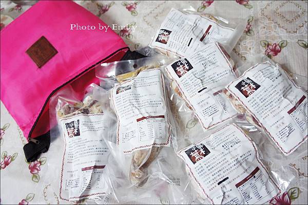 打開創意環保保溫禮袋,裡頭放置一包一包果木薰雞真空包
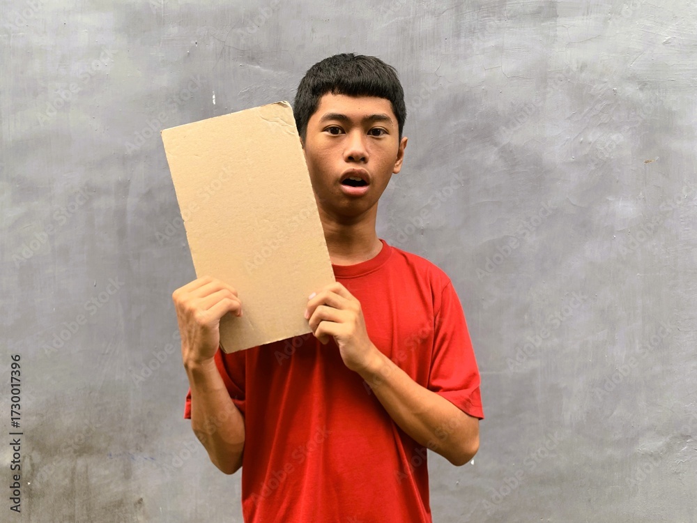 A Southeast Asian teenager in a red t-shirt carries a simple cardboard box, providing a clear visual prop for overlaid text, shocked and startled expression face
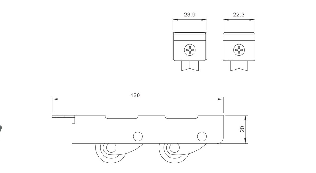每對承重80KG,加塑料外殼可調節寬度,常用于推拉門。
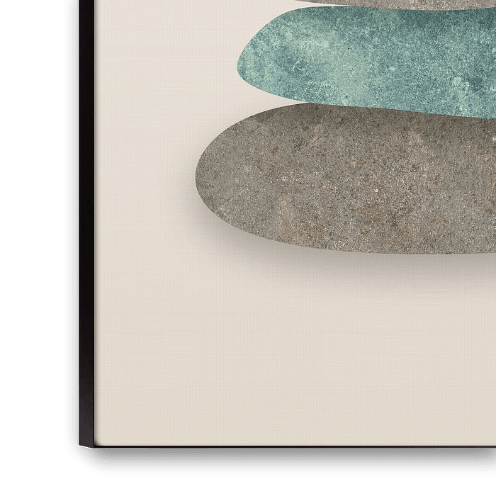 This work combines acrylic monoprinting and digital editing. Six rocks in earth colors are stacked into a cairn. The background is cream white. The image invokes a feeling of calm, zen, and balance.
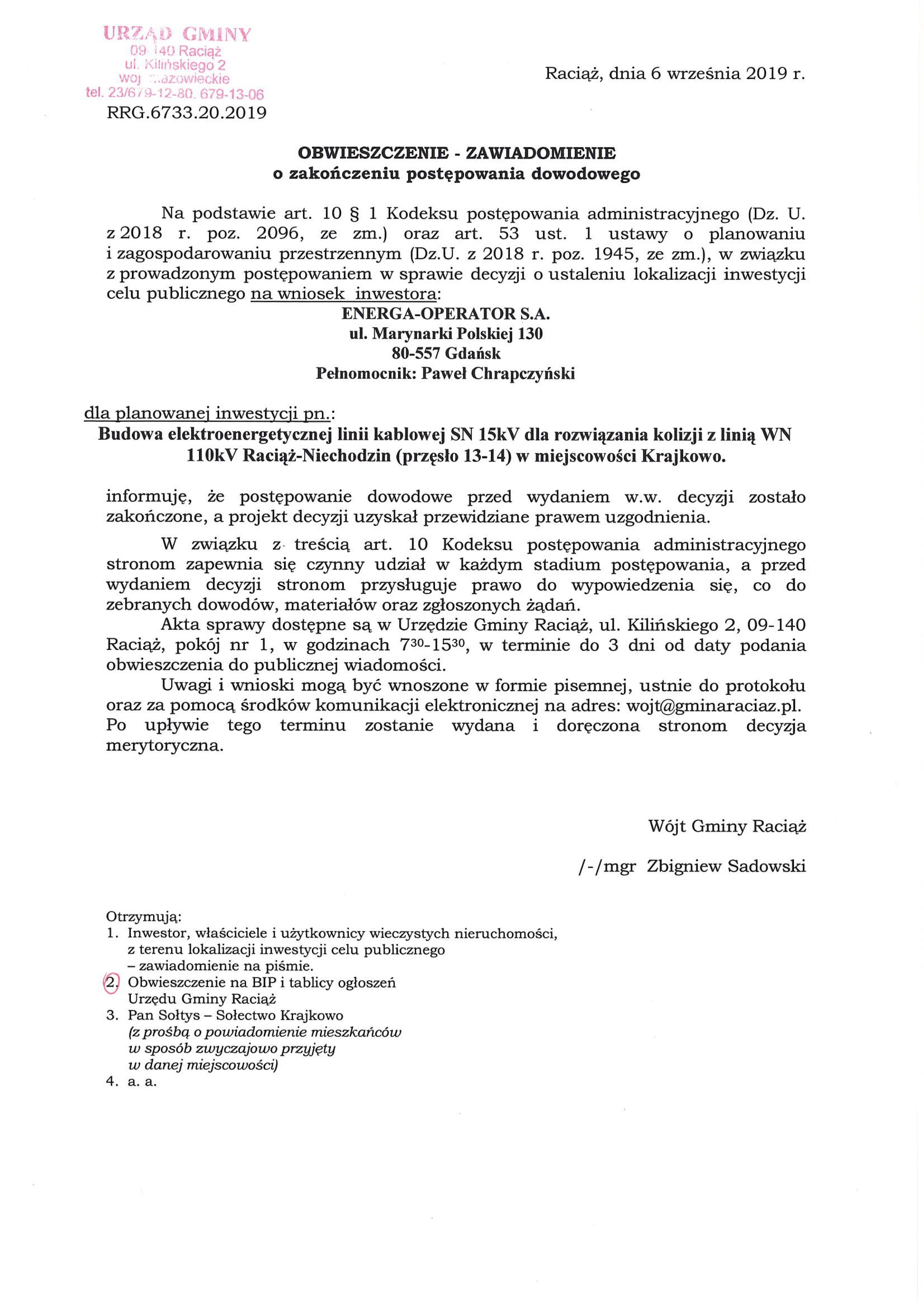 20.2019 Cel publiczny – zakończenie: Budowa elektroenergetycznej linii kablowej SN 15kV m.Krajkowo
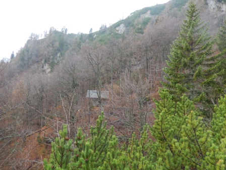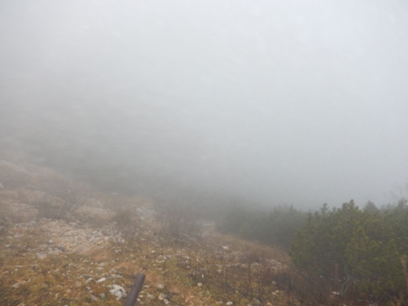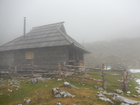 Vreme je vedno bolj super. Spodaj je megla, gor pa oblak. Le vmes se kaj vidi, naprimer lovska koča, ki se jo spomladi seveda mimogrede zgreši.

**Assigned task**
The answer should consist only of the lines from the one with "每對承重80KG,加塑料外殼可調節寬度,常用于推拉門。" through the last line of the material above, copied exactly, with no pictures.

**Solution**
每對承重80KG,加塑料外殼可調節寬度,常用于推拉門。
 This work combines acrylic monoprinting and digital editing. Six rocks in earth colors are stacked into a cairn. The background is cream white. The image invokes a feeling of calm, zen, and balance.
 20.2019 Cel publiczny – zakończenie: Budowa elektroenergetycznej linii kablowej SN 15kV m.Krajkowo
 Vreme je vedno bolj super. Spodaj je megla, gor pa oblak. Le vmes se kaj vidi, naprimer lovska koča, ki se jo spomladi seveda mimogrede zgreši.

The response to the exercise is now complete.